[Records from a collection]
+ + + +

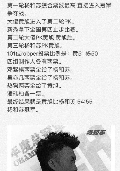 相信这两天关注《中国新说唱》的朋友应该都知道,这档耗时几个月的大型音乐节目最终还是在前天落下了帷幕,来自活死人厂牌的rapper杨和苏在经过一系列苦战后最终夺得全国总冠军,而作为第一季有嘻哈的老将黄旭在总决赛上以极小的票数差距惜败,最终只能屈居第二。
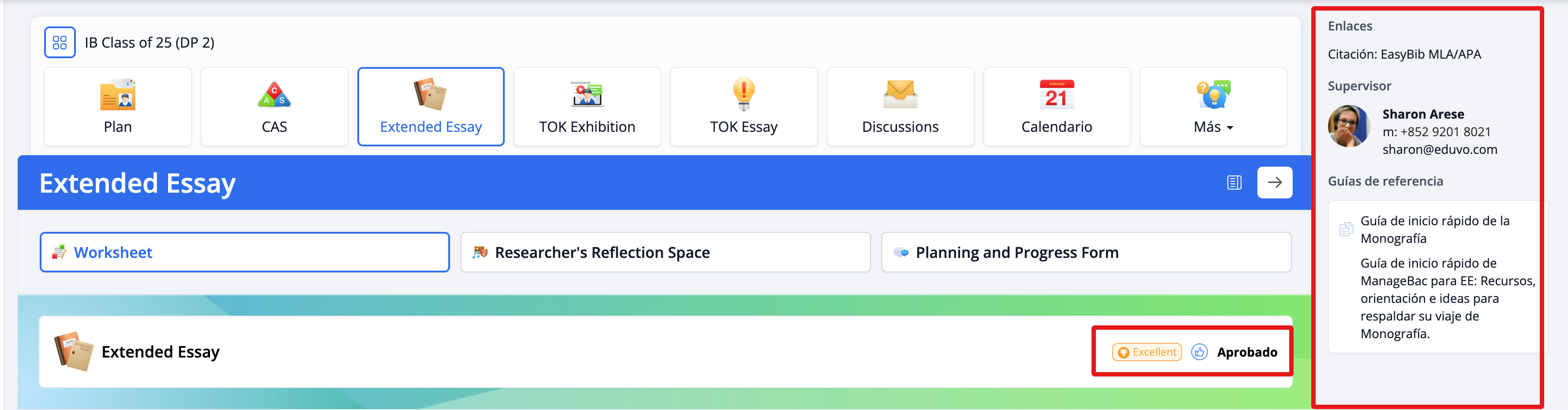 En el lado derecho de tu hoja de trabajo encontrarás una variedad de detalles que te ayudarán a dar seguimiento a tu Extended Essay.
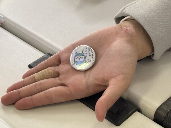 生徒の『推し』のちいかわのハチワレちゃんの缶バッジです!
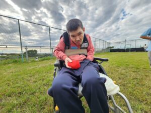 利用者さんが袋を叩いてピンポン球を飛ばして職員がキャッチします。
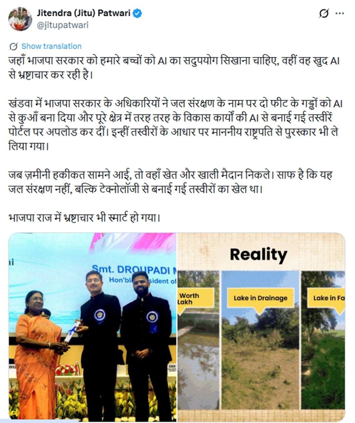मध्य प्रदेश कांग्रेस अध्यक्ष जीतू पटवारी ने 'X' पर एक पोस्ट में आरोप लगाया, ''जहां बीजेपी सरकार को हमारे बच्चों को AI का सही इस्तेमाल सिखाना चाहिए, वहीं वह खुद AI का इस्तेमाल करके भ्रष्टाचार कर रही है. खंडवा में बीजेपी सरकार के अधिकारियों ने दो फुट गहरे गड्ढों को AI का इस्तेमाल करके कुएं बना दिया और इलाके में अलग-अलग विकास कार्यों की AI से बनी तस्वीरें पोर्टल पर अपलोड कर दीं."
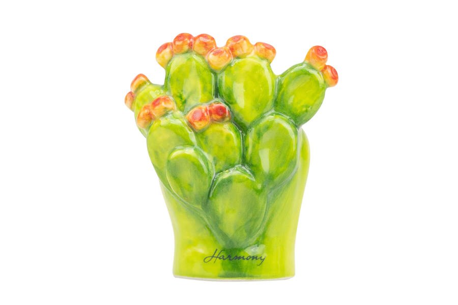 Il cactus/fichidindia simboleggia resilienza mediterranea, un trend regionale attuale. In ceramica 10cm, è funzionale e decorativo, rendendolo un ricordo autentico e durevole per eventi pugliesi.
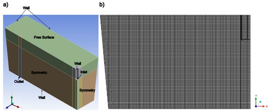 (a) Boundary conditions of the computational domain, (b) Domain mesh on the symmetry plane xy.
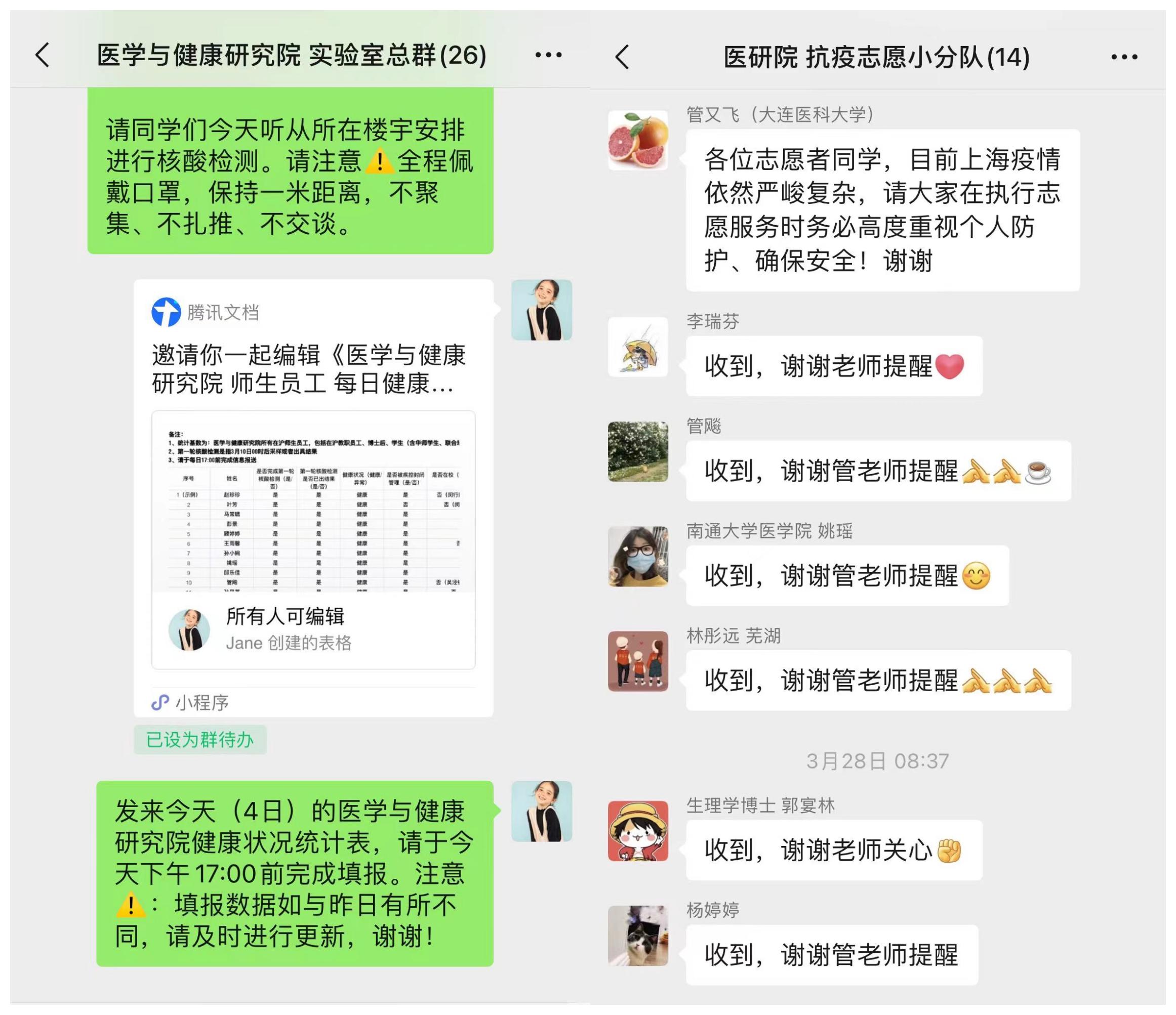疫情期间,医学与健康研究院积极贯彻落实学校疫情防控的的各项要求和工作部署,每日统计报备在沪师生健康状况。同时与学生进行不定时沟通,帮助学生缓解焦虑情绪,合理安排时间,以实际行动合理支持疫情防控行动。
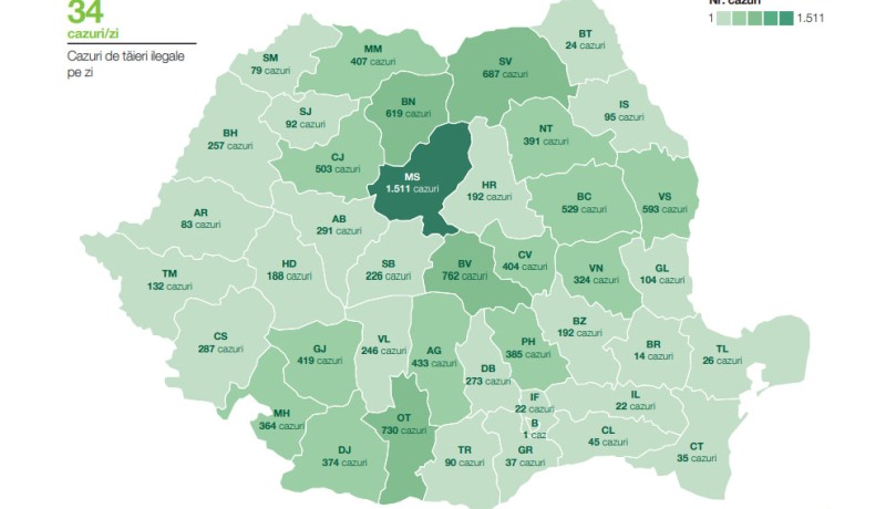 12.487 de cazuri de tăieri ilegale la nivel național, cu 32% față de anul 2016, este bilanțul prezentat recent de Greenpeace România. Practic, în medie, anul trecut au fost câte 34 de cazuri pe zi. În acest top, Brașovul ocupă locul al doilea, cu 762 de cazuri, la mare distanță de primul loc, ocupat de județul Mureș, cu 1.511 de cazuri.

+ + + +

**WHAT IS REQUIRED**
Only the lines from the line containing "生徒の『推し』のちいかわのハチワレちゃんの缶バッジです!" through the last line of the entries above should be reproduced, word for word and without pictures.

**ANSWER BELOW**
 生徒の『推し』のちいかわのハチワレちゃんの缶バッジです!
 利用者さんが袋を叩いてピンポン球を飛ばして職員がキャッチします。
मध्य प्रदेश कांग्रेस अध्यक्ष जीतू पटवारी ने 'X' पर एक पोस्ट में आरोप लगाया, ''जहां बीजेपी सरकार को हमारे बच्चों को AI का सही इस्तेमाल सिखाना चाहिए, वहीं वह खुद AI का इस्तेमाल करके भ्रष्टाचार कर रही है. खंडवा में बीजेपी सरकार के अधिकारियों ने दो फुट गहरे गड्ढों को AI का इस्तेमाल करके कुएं बना दिया और इलाके में अलग-अलग विकास कार्यों की AI से बनी तस्वीरें पोर्टल पर अपलोड कर दीं."
 Il cactus/fichidindia simboleggia resilienza mediterranea, un trend regionale attuale. In ceramica 10cm, è funzionale e decorativo, rendendolo un ricordo autentico e durevole per eventi pugliesi.
 (a) Boundary conditions of the computational domain, (b) Domain mesh on the symmetry plane xy.
疫情期间,医学与健康研究院积极贯彻落实学校疫情防控的的各项要求和工作部署,每日统计报备在沪师生健康状况。同时与学生进行不定时沟通,帮助学生缓解焦虑情绪,合理安排时间,以实际行动合理支持疫情防控行动。
 12.487 de cazuri de tăieri ilegale la nivel național, cu 32% față de anul 2016, este bilanțul prezentat recent de Greenpeace România. Practic, în medie, anul trecut au fost câte 34 de cazuri pe zi. În acest top, Brașovul ocupă locul al doilea, cu 762 de cazuri, la mare distanță de primul loc, ocupat de județul Mureș, cu 1.511 de cazuri.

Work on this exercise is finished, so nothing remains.